Moonlight Sonata and poetry
Today I listened to Moonlight Sonata, on the ABC Life is Beautiful CD Vol 4 (the "perfect soundtrack to your day"), at work several times. I was just in a Moonlight Sonata mood - and it reminds me of growing up in Tamworth, where my Mum used to play it a lot, for a time, on the little upright piano in the little house in Calala. There is a certain hesitancy and heaviness in the piece.
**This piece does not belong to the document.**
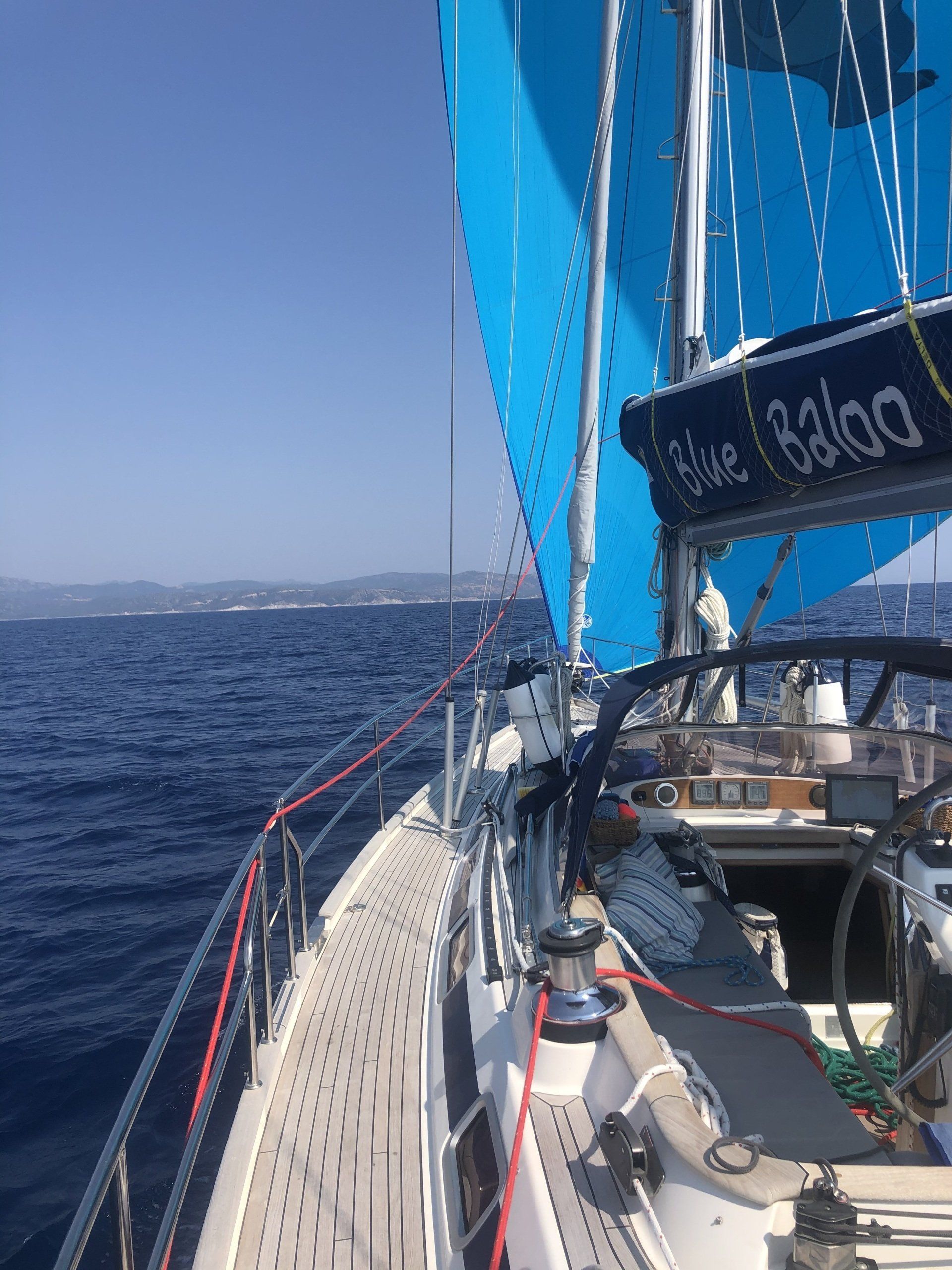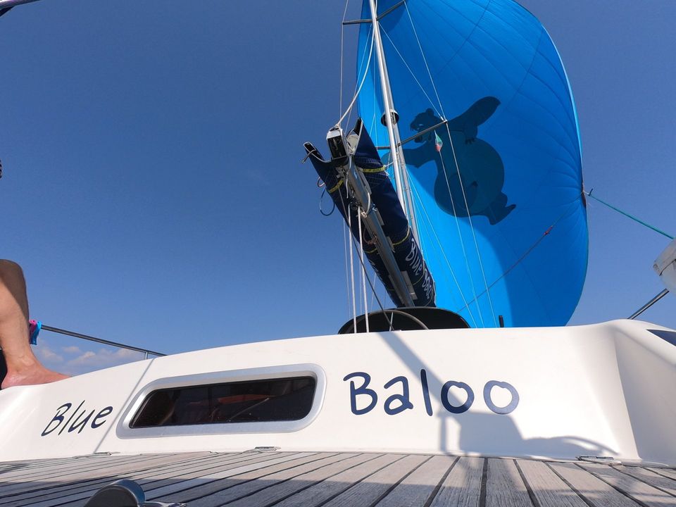 Schweren Herzens verlassen wir auch Porto Pino wieder, um nochmals Mafaltano einen Besuch abzustatten. Unsere Freunde von der IBEX wollen dort ebenfalls hin, und wir freuen uns sehr auf ein Wiedersehen nach fast 4 Monaten. Und diesmal können wir auf dem Weg nicht nur die Segel rausholen- nein, wir können sogar den Bären fliegen lassen. Heißt übersetzt: Der Wind kommt von schräg hinten und ist nicht zu stark (bis 15, 16 Knoten) und wir können den Gennaker (ein Leichtwindsegel für genau diesen Fall) setzen. Und da wir auf der Blue Baloo sind, steppt bei uns der Bär im Gennaker. Guido grinst einmal um seinen ganzen Kopf herum. Das erste Mal in der Saison dass wir den Bären rausholen können. Und bei 5 Knoten Wind machen wir damit 4,5 Knoten Fahrt. Das sind im Seglerleben Gänsehautmomente.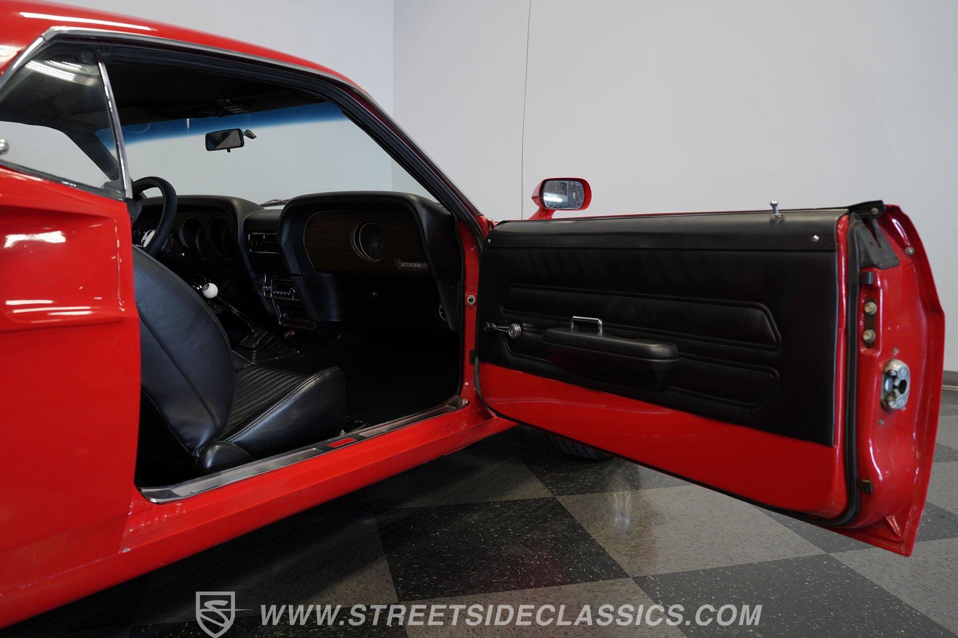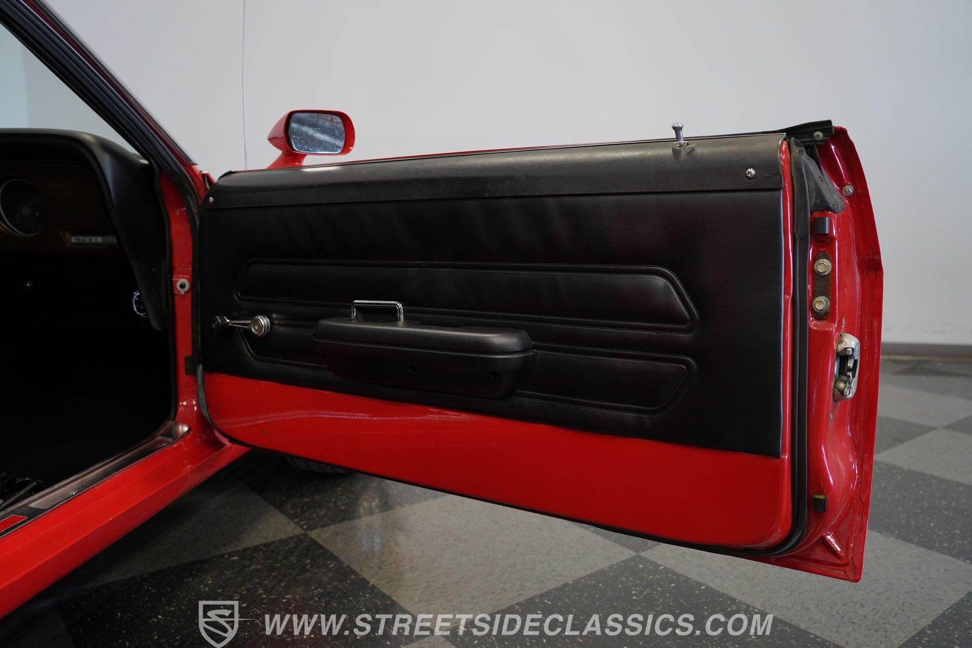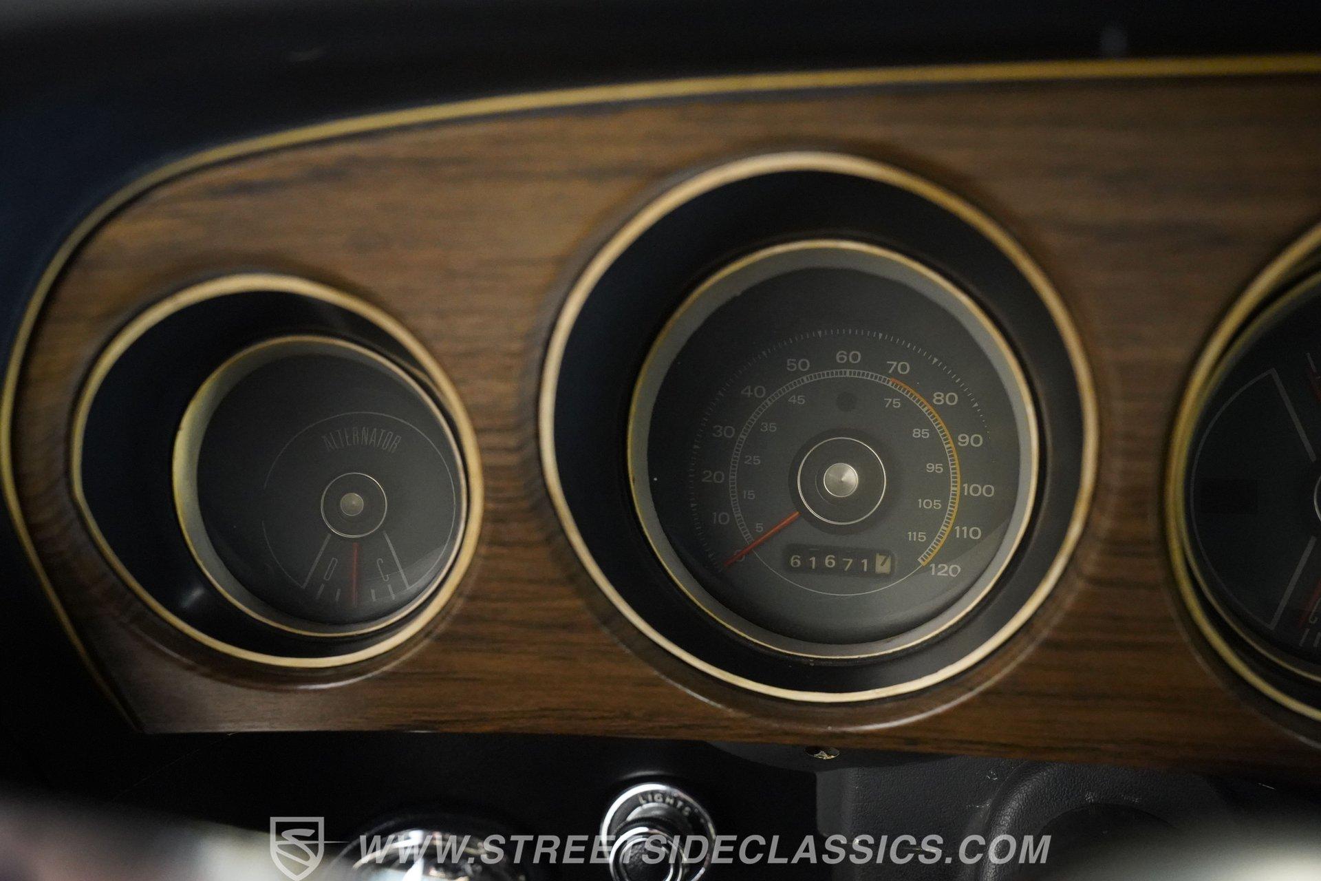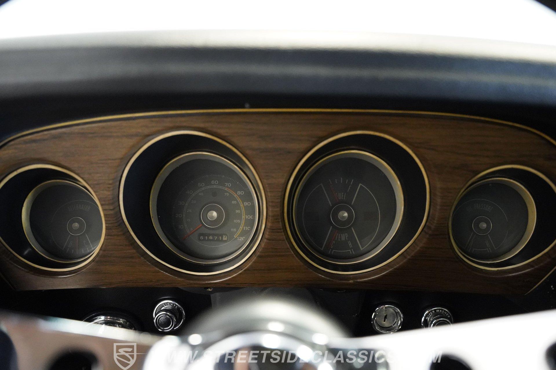 Under the hood sits a strong 351 cubic-inch Windsor V8 topped with a Holley Street Avenger carburetor and Edelbrock Performer aluminum intake. Supporting upgrades include a new fuel system, fresh plugs and wires, a high-flow water pump, and a 4-core aluminum radiator to keep everything running cool and smoothly. Power is sent through a Toploader Ford RUG-E 4-speed manual transmission to an 8-inch rear axle. The suspension retains a factory-style setup and features upgraded power disc brakes at all four corners, with drilled and slotted rotors in the rear. Fifteen-inch Magnum 500 wheels wrapped in 225/60R15 front and 255/60R15 rear tires provide the perfect stance. The exhaust uses stock-style manifolds flowing into dual pipes and glasspack-style mufflers for that unmistakable muscle car sound.

I used to think Mum just couldn't play it very well, as though she was pausing to get all her fingers in the right place before she actually hit the note, sometimes a little too hard, but I have since discovered that that is how it is (and I like it that way) ...
Then I read this post by Abraham Piper, which actually came from Karsten Piper, and filled my lunch time up with poetry. 'Twas a good lunch.
I caught up with my friend Simone from Brisbane on Sunday, who was in Sydney for a song-writer's workshop, and she leant me First of the Last Chances by Sophie Hannah, after some discussion about Sophie Hannah in the past. I read the whole book in bed one night in that thirsting search for the poem that would resonant somewhere. I didn't find it that night, though I do like the title poem, but I'm going to give it more than one late-night read.
P.S. Apologies for all these short and somewhat frivolous posts of late. I am a little pressed for time after hours indexing a book on Greek verbs for Con Campbell and formatting the Equal but Different magazine (and still managing to consume enough time in blogland without putting a whole lot of thought into my own posts).